Global Warming Must Be Stopped

July 8, 2016
By futurista12 ELITE, Far Rockaway, New York
futurista12 ELITE, Far Rockaway, New York
615 articles 1 photo 114 comments

Favorite Quote:
"And though she be but little, she is fierce."- Shakespeare

Do you ever wonder why the weather seems unpredictable these days? One day sunny, one day snowy? The unpredictability of the weather is caused by global warming, or climate change. Global warming is caused by the gradual increase in Earth’s average temperature (LiveScience). Climate scientists agree on the primary cause of global warming.

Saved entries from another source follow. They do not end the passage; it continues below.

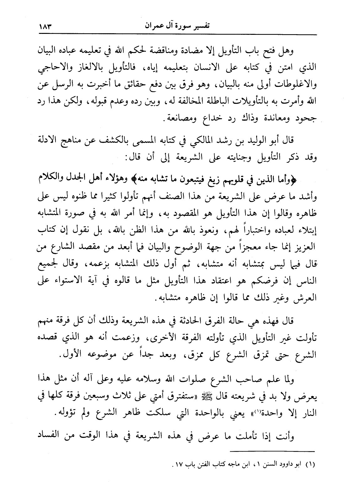 قال أبو الوليد بن رشد المالكي في كتابه المسمى بالكشف عن مناهج الأدلة وقد ذكر التأويل وجنايته على الشريعة إلى أن قال:
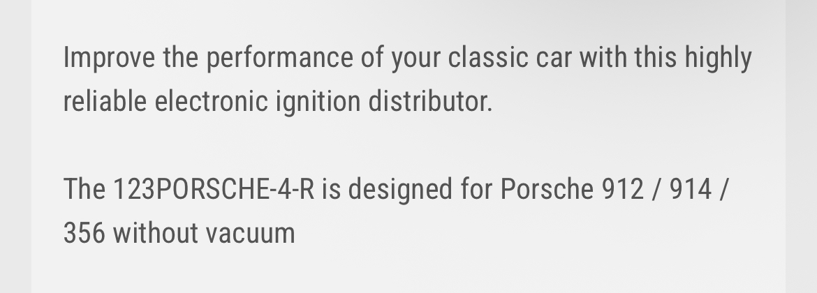 And while I'm asking all these questions, does anyone know what DEGREES NEGATIVE VACUUM !!!!! is and if I need one of those settings or not - it was set on one so I assume I do but idk. " DEGREES NEGATIVE VACUUM !!!!! " Is their way of saying vacuum retard. Stock injected 914s are all setup this way , it is used to bring down engine speed at idle. Also gives faster response off idle as stepping on the gas results in immediate increase in advance regardless of RPM. |
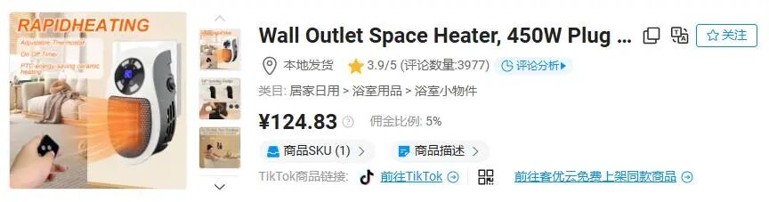 TKFFF 进一步发现,该产品在TikTok美区的运营布局极具策略性。初期它以“浴室取暖”为核心定位,深耕家居用品类目,同款浴室款迷你电暖器销量表现十分惊人。
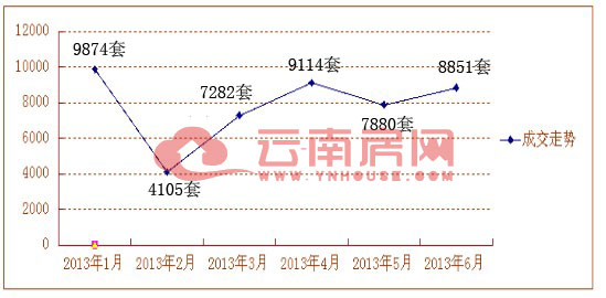 2013年上半年,昆明樓市成交商品房47106套,成交總面積為4169255.8㎡,成交面積、成交套數(shù)均較2012年上半年數(shù)據(jù)有較大幅度增長。2013年1月,昆明樓市成交商品房9874套,為2013年上半年最高值,2013年2月,由于正值農(nóng)歷春節(jié),4105套的月度成交數(shù)據(jù)也算差強人意。進入三月,昆明樓市成交重回正常水平,月度成交商品房7282套,4月、5月、6月成交套數(shù)則分別為9114套、7880套、8851套,成交數(shù)據(jù)基本維持在高位。通過計算可以得知,2013年上半年,昆明樓市月度成交商品房平均值為7851套,比2012年上半年月度成交平均值5699套多出2162套;
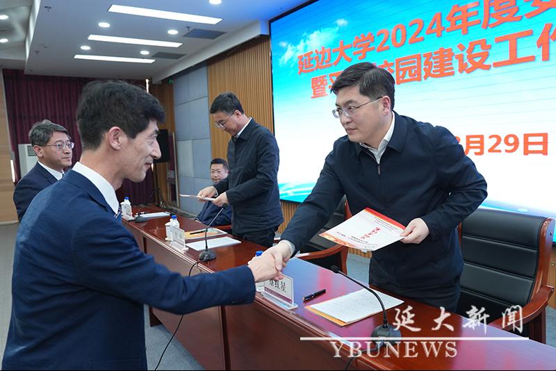 与会人员观看了安全生产警示片,安全保卫处处长朴明吉对学校2023年度安全稳定暨平安校园建设工作考核情况进行了通报,农学院、经济管理学院、图书馆、附属医院代表学院和部门向冯涛、蔡红星提交了《伟德betvlctor1946源于英国2024年度安全生产、消防工作暨平安校园建设目标责任书》。
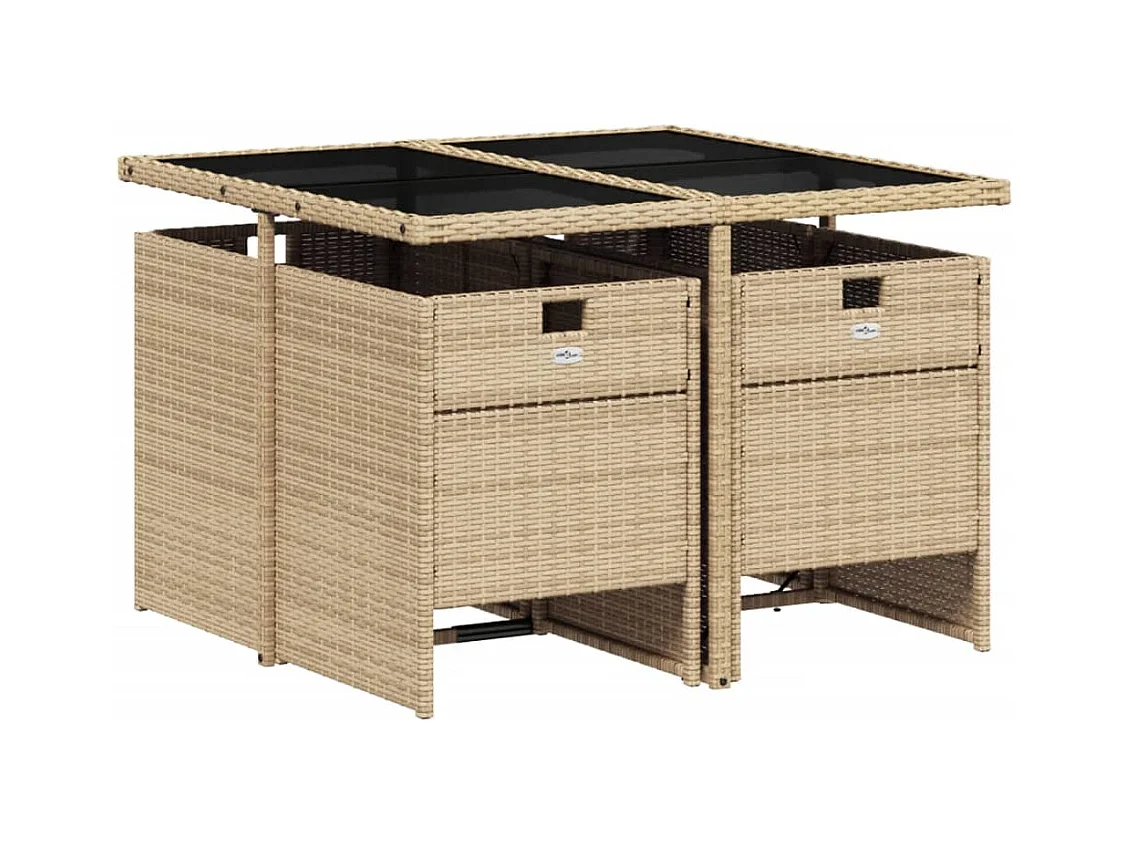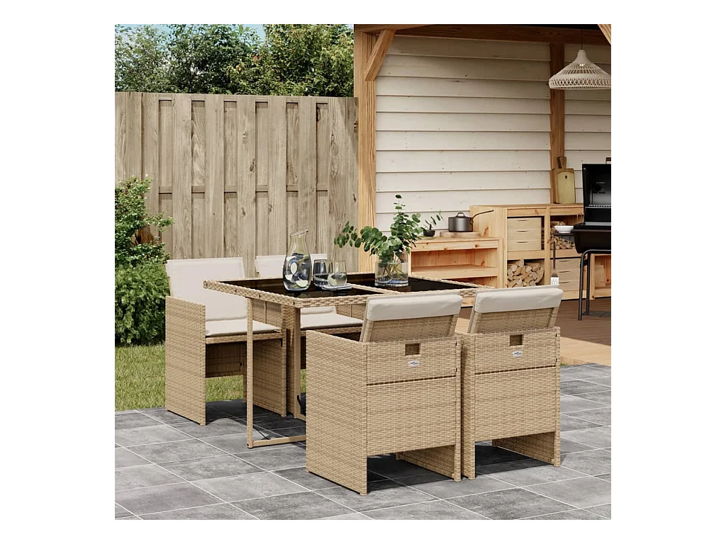 5pcs conj. jantar jardim c/ almofadões vime PE bege misturado PT910517
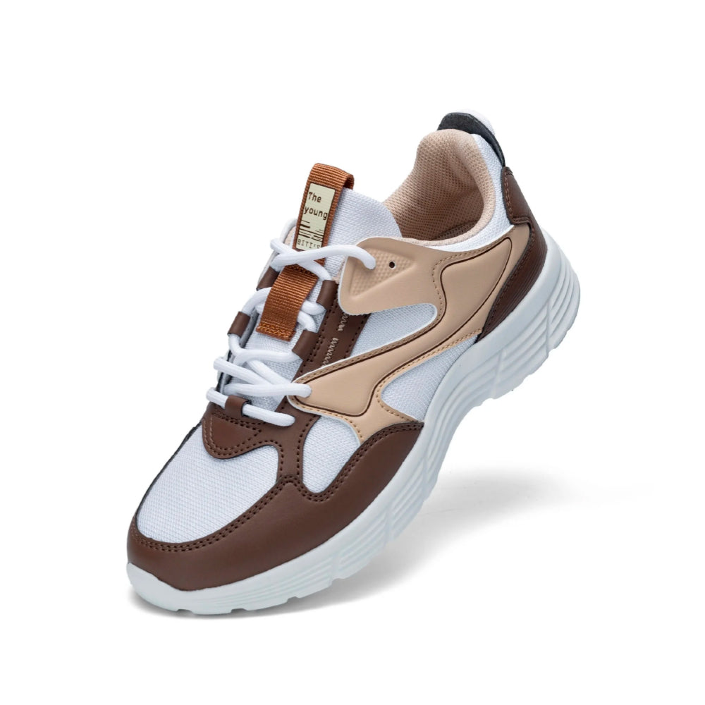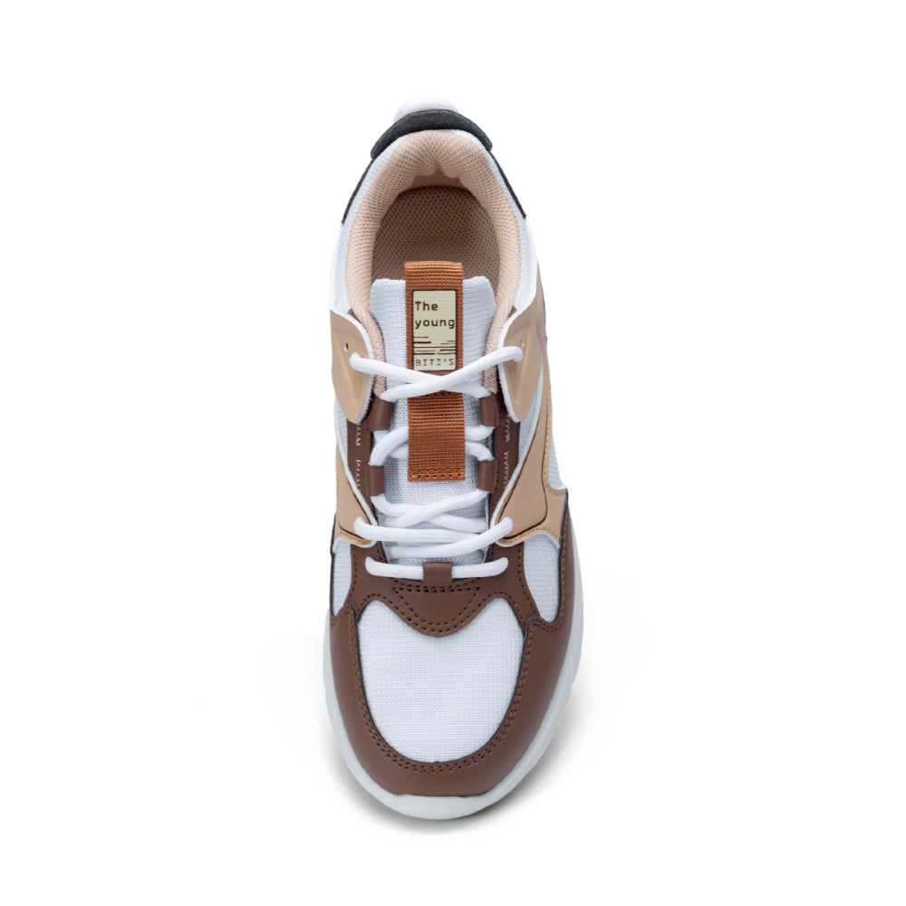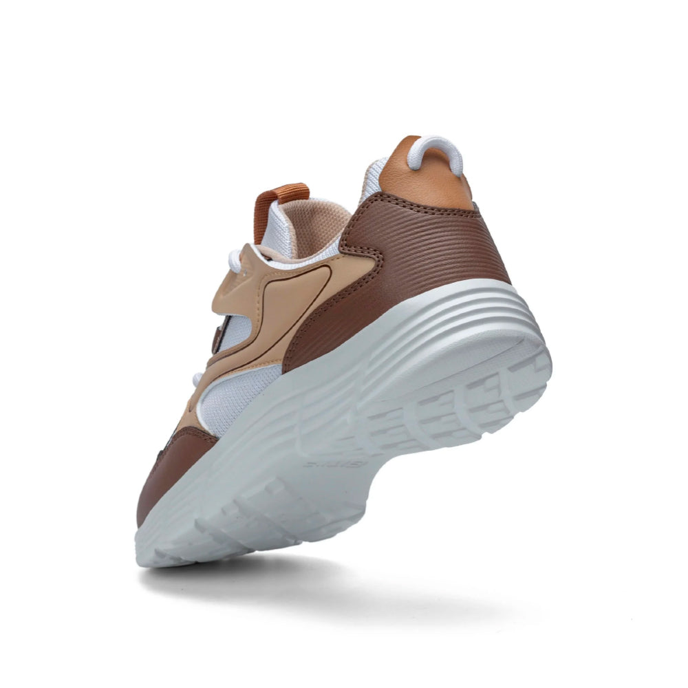 Helio II es un modelo de zapatilla con un espíritu minimalista, elegante y sofisticado, extremadamente adecuado para adolescentes que buscan un estilo escolar moderno. La combinación de colores principal blanco con detalles en marrón beige crea una apariencia general suave pero sobresaliente.
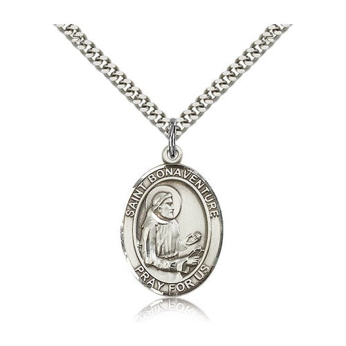 Sterling Silver St. Bonaventure Pendant on a 24'' Light Rhodium Heavy Curb Chain with clasp. Size: 1 x 3/4 inches.
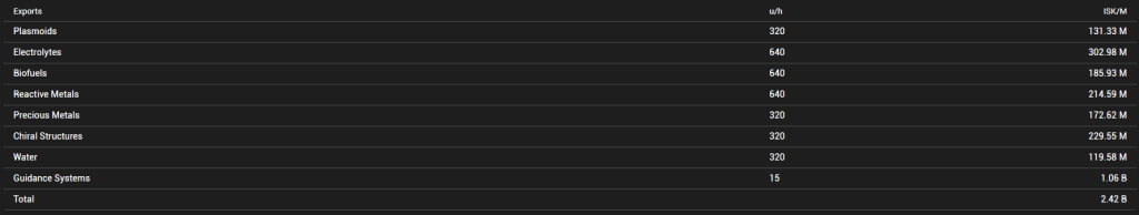 Right now I only have 2/6 characters doing PI steadily. I’m extracting P0 and turning it into P1, and I would usually then take it and turn that into P2 (robotics & guidance systems) but I’ve been trying to get things sorted so I’ve let it lapse for now while I figure things out. I use a wormlife freeport for the 4.5% taxes, and every Monday I collect my PI and then when it’s quiet I’ll scan down the HS connection and drop it off. My PI characters are not very fancy, but they are Omega, and they can fly ships with cloaks, which is nice. It’s not mountains of ISK each week, but it is pretty passive, sells well, and is very minimal effort. I don’t mind logging in to re-set my extractors each day, and collecting PI once a week works out well. I could attempt to collect it less frequently, but the Epithal I’m flying fills up quickly and I don’t want to make more trips than I have to.
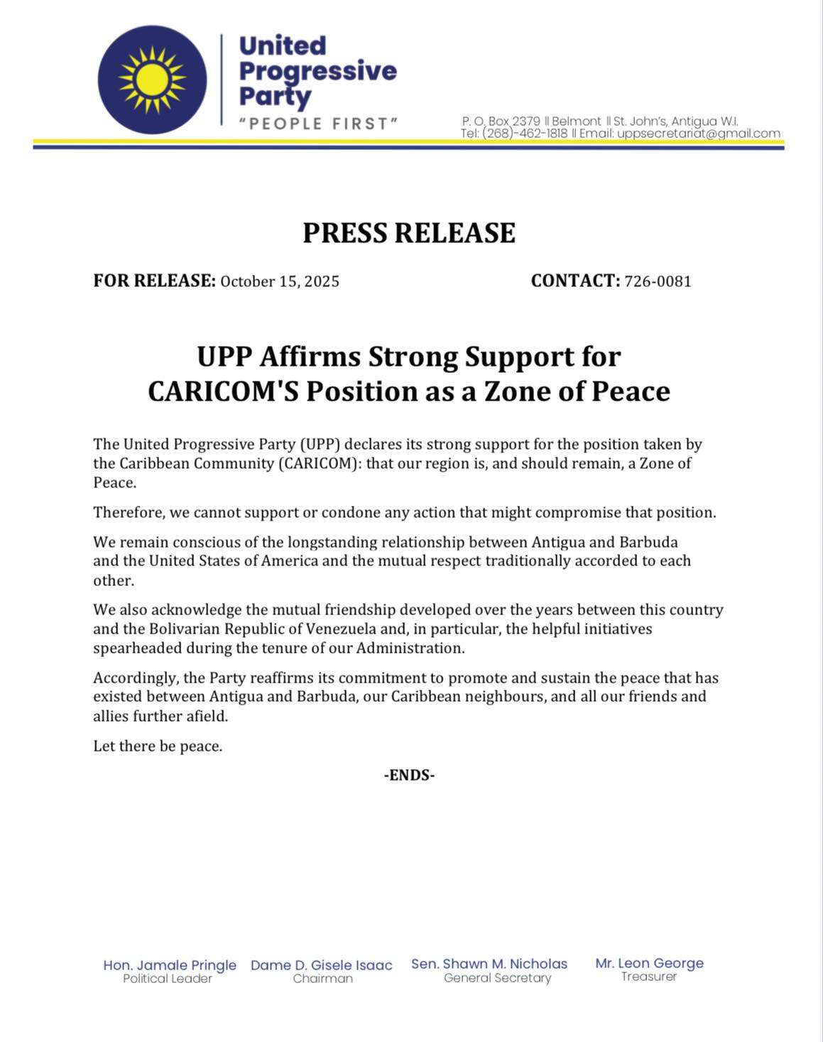 The United Progressive Party (UPP) has expressed firm support for the Caribbean Community’s (CARICOM) long-standing stance that the Caribbean region must remain a Zone of Peace, emphasizing the importance of diplomacy and non-aggression in regional and international affairs.
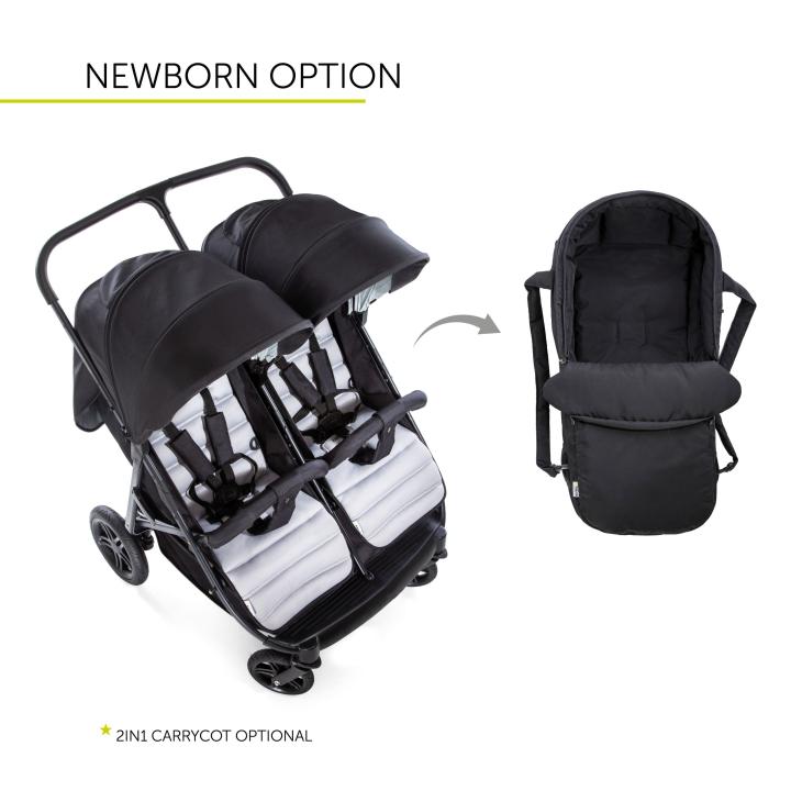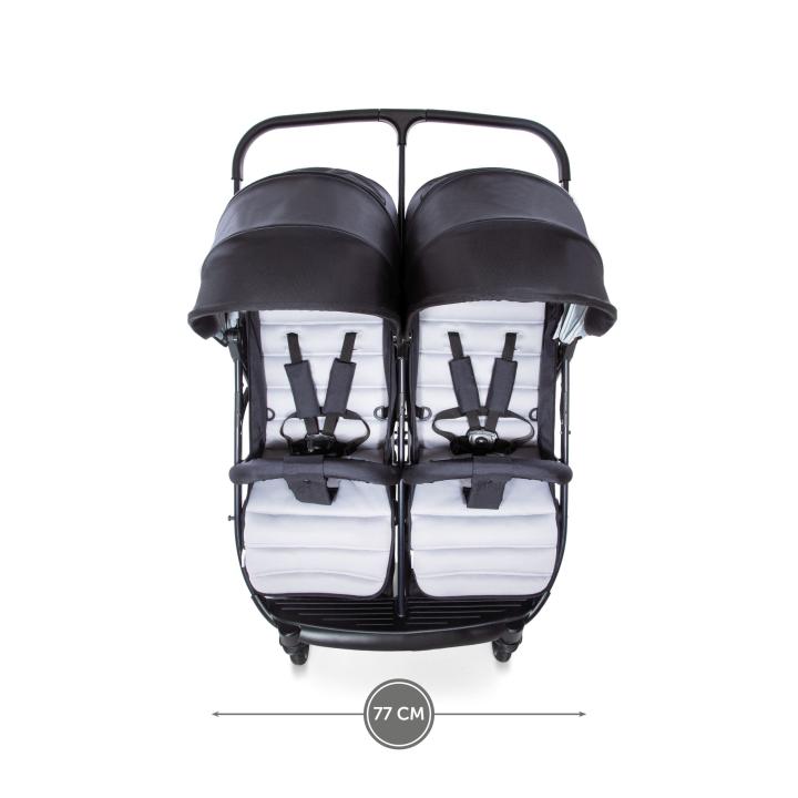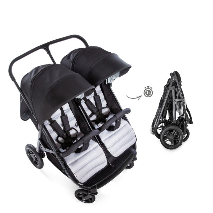 Hauck Rapid 3R Duo je variáciou Rapid 3R vo verzii pre dvojičky či vekovo blízkych súrodencov. Je preto vybavený dvoma plnohodnotnými sedadlami umiestnenými vedľa seba, takže deti majú rovnocenný výhľad i priestor. Obe sedadlá môžeš plne polohovať. Zároveň môžeš ku kočíku voliteľne pripojiť vložné vaničky či jednu či dve autosedačky iPro Baby či Comfort Fix (adaptéry k nim sú už súčasťou základného balenia). Tak ako jednomiestny model, aj Rapid 3R Duo zložíš rýchlo a jednoducho, potiahnutím popruhov integrovaných v sedákoch. Po zložení je relatívne kompaktný a dokonca samostatne stojí pre jednoduchšie uskladnenie.

According to Karl, Melillo, and Peterson, the atmosphere is trapping heat from the emission of certain gases, such as water vapor, methane, carbon dioxide, and nitrous oxide; this is mainly the fault of humans (Karl et al. 13). As Americans, we ought to be concerned about the potential dangers of global warming. Although some believe the Earth will eventually restore itself, there are many reasons why global warming should be addressed immediately. Not only will global warming cause many economic problems, it will destroy the land and even kill people.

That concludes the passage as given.